Welcome to the May 2020 installment of BASELINE, Novetta’s Machine Learning Newsletter, where we share thoughts on important advances in machine learning technologies likely to impact our customers. This month’s topics include:
- New open source translation models
- Synthetic audio generation
- Resources for learning about advances in machine learning
Open Source Machine Translation
To understand world events, analysts can’t rely solely on English-language news and social media. While the large cloud service providers (Amazon Web Services, Google Cloud Platform, Microsoft Azure) provide high-quality, easy-to-use translation APIs, the costs of API calls can add up. That is why we are excited about the 140 languages now supported in Hugging Face’s transformers library. While translation quality is a bit lower than that of CSPs, open source machine translation will enable us to translate more data for customers and will help support our ongoing NLP research. We will also be incorporating this into AdaptNLP.
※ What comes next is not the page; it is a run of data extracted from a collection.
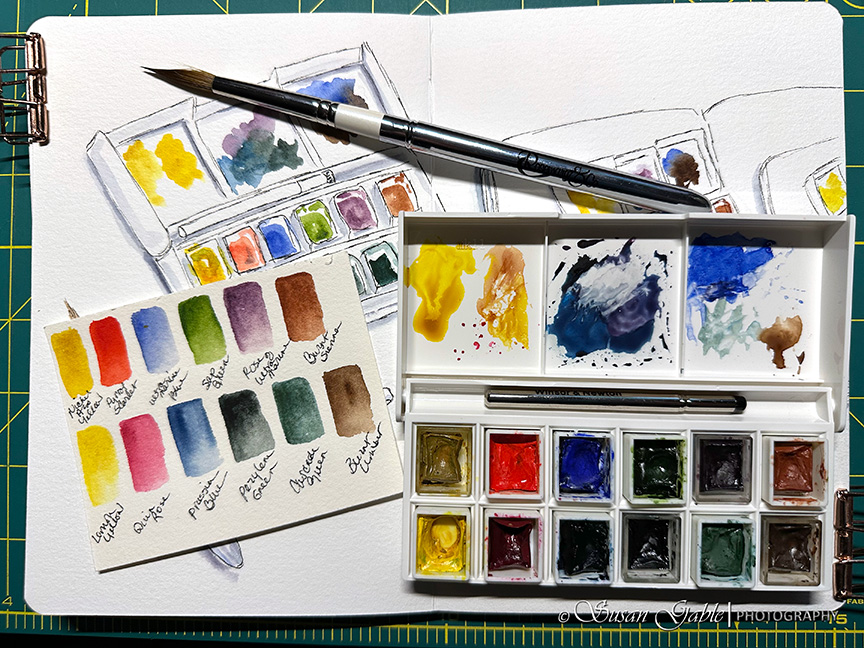 Paint: Daniel Smith Watercolors. Used my tubes of paint colors to fill the half pans.
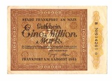 25.7.1923. 50 Millionen Mark. Black and lilac-brown with lilac tint at right. Uniface. 7 digit serial number.
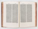 (1503). ORIGÈNE. IN GENESIM, EXODUM, LEVITICUM…HOMELIAE, DIVO HIERONYMO INTERPRETE. Venise, Alde Manuce, février 1503. In-folio de [6]-182 feuillets, demi-maroquin rouge, dos orné à la grotesque (reliure du XIX°). ÉDITION PRINCEPS. Traduction de Rufin d'Aquilée (et non de Saint Jérôme comme annoncé par Alde) des homélies d'Origène. Au verso du titre, Alde dédie son livre au cabaliste chrétien Gilles de Viterbe à qui il demande son soutien; puis une seconde préface, anonyme, renferme un passage curieux relatif à Alde et à son associé et beau-père. Grande ancre aldine gravée sur bois in fine. Texte sur 2 colonnes, 6 premiers feuillets restaurés en marge et lavés, quelques cernes, petites salissures, bords des plats usés, sinon bon exemplaire. Ex-libris imprimé Tourgueneff. (Renouard, p.44) (Brunet, IV, 228 «Volume rare»).
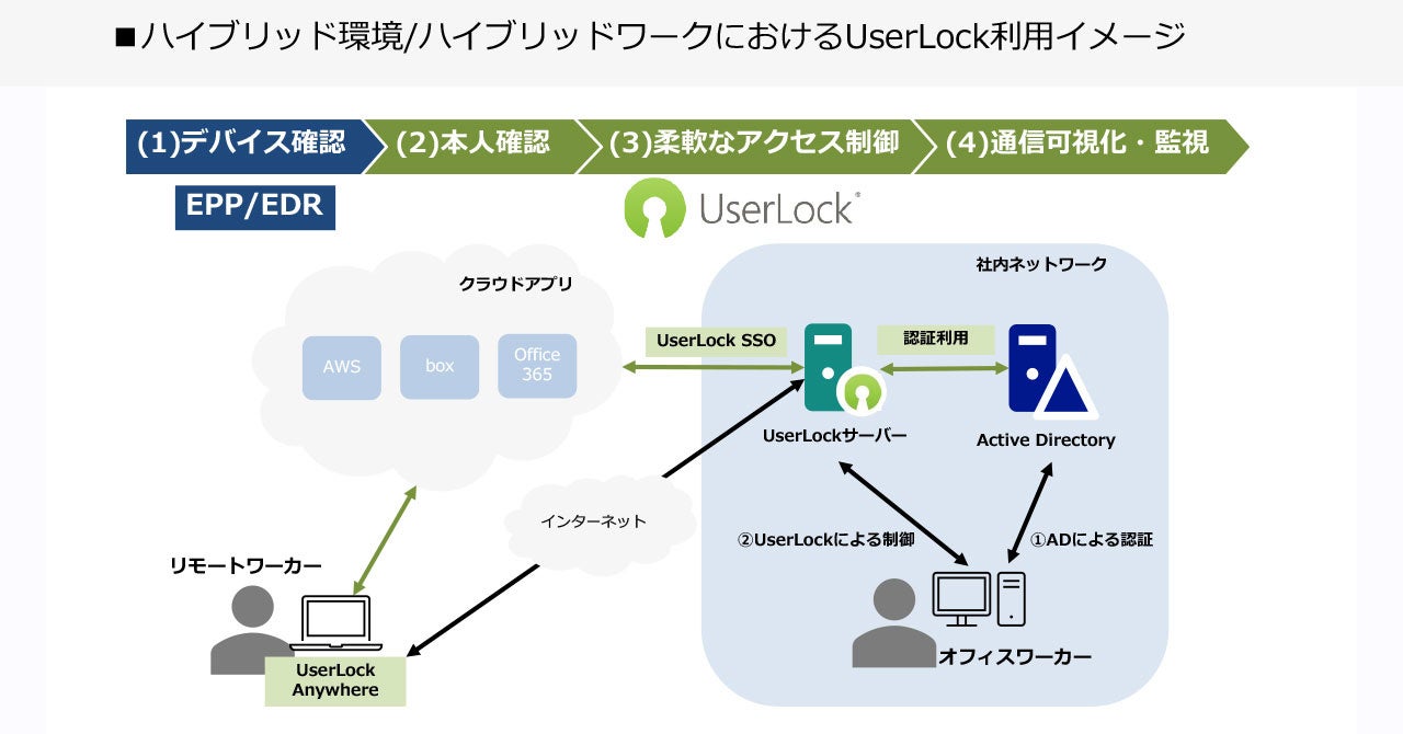 UserLock11.1では前バージョンにおいてベータ版という位置付で提供されていたUserLock SSO(シングル・サイン・オン)およびテレワーク時など社内ネットワークに接続していない状態でも各種ログイン制限を有効化するUserLock Anywhereが正式サポートされ、ハイブリッド環境・ハイブリッドワークなど、これまで以上に幅広い用途でご利用いただけるようになりました。
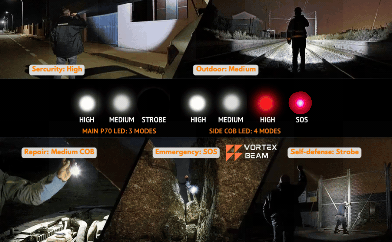 3 Lichtmodifür Haupt-X70 LED plusein Teleskopzoom 4 LichtmodifürCOB-Seiten-LED.Strobe- und Rot-SOS-Modistehen für den Notfall und zur Selbstverteidigung zur Verfügung.

Synthetic Speech and Style Transfer
Synthetic speech generation has taken another step forward with the release of NVIDIA’s Flowtron, an improved speech synthesis model that also enables style transfer for voices. NVIDIA’s new approach is designed to generate human voices with greater realism than prior open source methods. Additionally, Flowtron can apply style transfer, which allows users to record a voice and convert it to sound like another voice. The tradeoff is that Flowtron is yet another tool that makes it challenging for people to trust what they see and hear online.
Data augmentation has played a big part in the ability of image models to improve accuracy, so it’s natural that researchers have attempted to apply analogous augmentations in the text domain. One of the most successful image augmentation techniques is mixup, which mixes together two images in some proportion. MixText similarly mixes representations of two pieces of text, using them to augment training data through semi-supervised learning. What is impressive about the researchers’ work is that MixText proved particularly effective when there were only a few labeled examples. Increasing accuracy while only needing a few labeled examples will lower the time and cost to train performant models.
Made with ML
One of the best ways to learn about advances in machine learning is to see how other researchers are approaching problems. The biggest challenge is often finding which examples are worth reviewing. Made with ML is a new site that provides an opportunity for researchers to share their work. Community members can vote on their favorite projects, making it easier for everyone to find high quality examples. Made with ML is becoming one of our go-to resources for discovering new approaches in machine learning.
Recent advances in transfer learning have aided the development of multilingual language models such as mBERT, M4, and XLM-R, but most evaluation methods focus on English-language capabilities. To help solve this problem, Google introduced XTREME, a benchmark for nine cross-lingual NLP tasks such as sentence classification, structured prediction, and question answering. XTREME supports 40 typologically diverse languages that span 12 language families in order to maximize language diversity for each task. Benchmarks like XTREME will help fight biases in models where some languages may be second class citizens. While the focus is typically on building better models, how we measure them can also be a new vector in how we improve NLP task performance.